Poi si faceva sempre più vicino, e quel ronzio cominciava ad essere più forte e più fastidioso, e stavolta era come versare un intera brocca d’acqua in un bicchiere, così velocemente da far cadere tutta l’acqua fuori, completandola in un fastidioso Splash.
Era impossibile continuare a tenere gli occhi chiusi con quello stupido rumore che mi ronzava in testa, così lentamente mi decisi ad aprire le palpebre.
Non sapevo esattamente cosa aspettarmi, ma di certo non mi sarei mai aspettata di vedere quattro mura completamente rivestite di bianco.
Era una stanza parecchio spoglia. C’era una sola finestra al mio lato destro, mentre a quello sinistro c’era un porta chiusa con due persone dall’altro lato del vetro che parlavano intensamente. Continuai a guardarmi intorno, facendo cadere il mio sguardo sul comò al mio fianco e a una poltrona blu.
Poi finalmente il mio sguardo si posò su un corpo mezzo morto deposto su un letto. Le gambe non si muovevano ed erano ben nascoste sotto un pesante lenzuolo bianco. Le braccia erano molto deboli e come le gambe quasi non riuscivano a muoversi.
Erano completamente fasciate, dalle spalle fino ai polsi, e dal sinistro fuoriusciva un tubicino che era poi collegato ad una flebo.
Le mani sembravano libere, tranne per qualche dito fratturato. Il torace si alzava e riabbassava molto, molto lentamente.

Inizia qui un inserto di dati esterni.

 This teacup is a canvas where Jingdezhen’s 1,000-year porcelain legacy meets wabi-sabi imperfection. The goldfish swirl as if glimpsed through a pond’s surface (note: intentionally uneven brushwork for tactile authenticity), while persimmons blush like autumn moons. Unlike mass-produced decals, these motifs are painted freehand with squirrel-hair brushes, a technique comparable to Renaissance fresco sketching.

Il dolore alle costole doveva essere infernale. Era infernale, perché quel corpo era il mio. Cercavo di muovere le dita dei piedi o delle mani, ma l’unica cosa che riuscivo a fare era sentire dolore dappertutto. Provai ad alzarmi un paio di volte, ma il risultato rimaneva sempre lo stesso: inchiodata saldamente ad un letto. Così, mi limitai a vagare ancora un po’ con lo sguardo, fino a quando non incontrai uno specchio. Esso rifletteva il volto giovane di una ragazza.
Era pallido, con sfumature di rosso sulla fronte e di viola su parte degli zigomi. Per il resto era completamente sfreggiato, con qualche graffietto rosso su parte del mento e della tempia. Una fasciatura pesante copriva il sopracciglio destro e saliva su a coprire parte dei capelli biondo cenere.

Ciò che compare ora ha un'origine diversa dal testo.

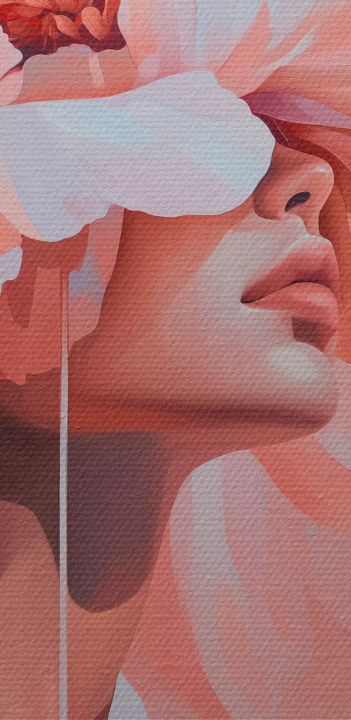 Schilderijen Portret van een vrouw met een grote roze bloem op haar hoofd s40430

Gli occhi verdognoli erano gonfi e le palpebre erano viola. Le labbra avevano un colorito strano. Nella parte intatta erano rosee, mentre dall’altra erano completamente spaccate e piene di un rosso vivo, esattamente come il sangue. Ero messa male, davvero male.

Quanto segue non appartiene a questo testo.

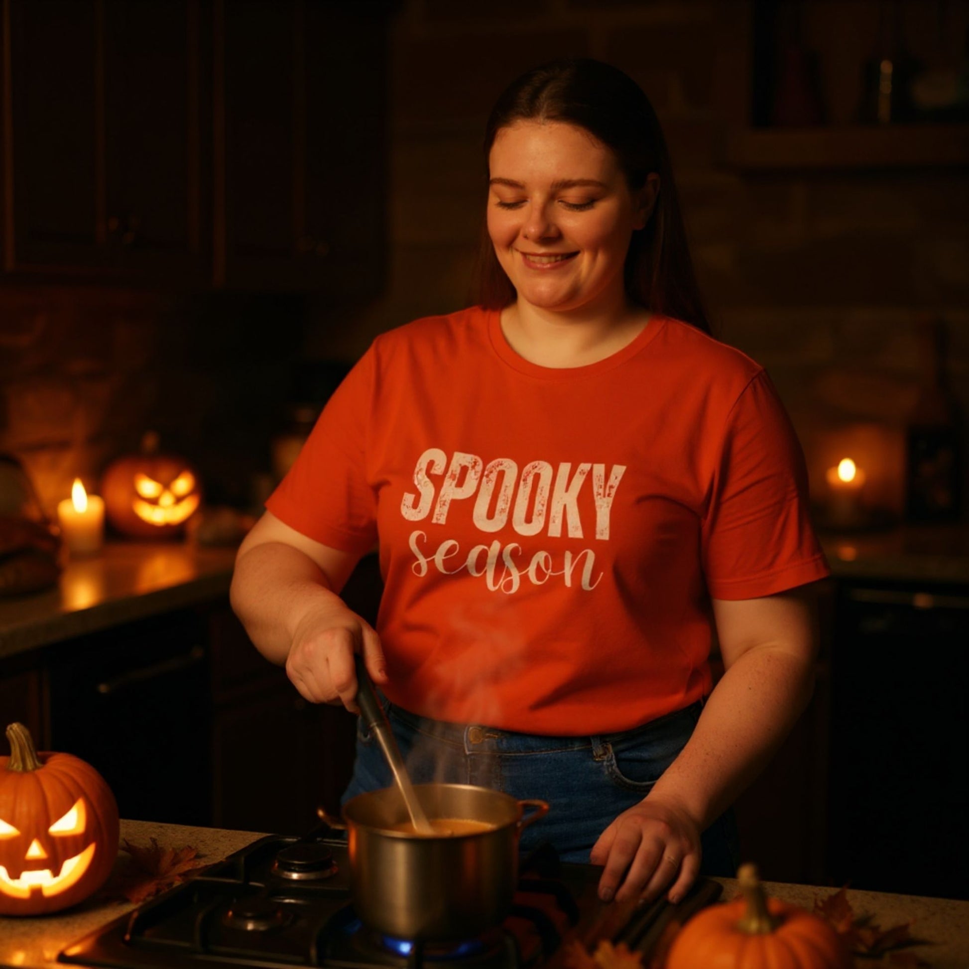 A t-shirt for fall and Halloween lovers! This tee encapsulates warmth and comfort, making it a perfect addition to your autumn wardrobe. It’s an excellent choice for anyone looking to express their love for for all things Halloween. This unisex t-shirt is short sleeve and is perfect gift for friends and all fellow autumn lovers.

Così male, che non riuscivo quasi a parlare. Le parole mi si smorzavano in gola lasciando uno stridulo urlo al posto delle parole che avrei voluto dire.
Non ero nemmeno certa che quel viso riflesso nello specchio fosse il mio, perché io non ricordavo nulla.
Non ricordavo quando ero arrivata lì o perché mi trovavo in una stanza d’ospedale. Non ricordavo con certezza me stessa.
Se avevo una famiglia o dove si trovava casa mia. Non ricordavo nemmeno il mio nome. Non sapevo nulla di me.
Sapevo semplicemente che il mio corpo era completamente morto e disteso su un letto bianco. Avevo tre dita fratturate.
Sicuramente qualche costola rotta e se non bastasse un viso completamente irriconoscibile con tutti quei punti, quelle fasce e quei graffi.
Sapevo semplicemente di essere un vecchio rottame buttato su uno stupido letto, rinchiusa tra quattro mura bianche, sentendosi debole e indifesa, come un uccellino sul suo nido, senza più una madre, che cercava di volare ma incapace di farlo.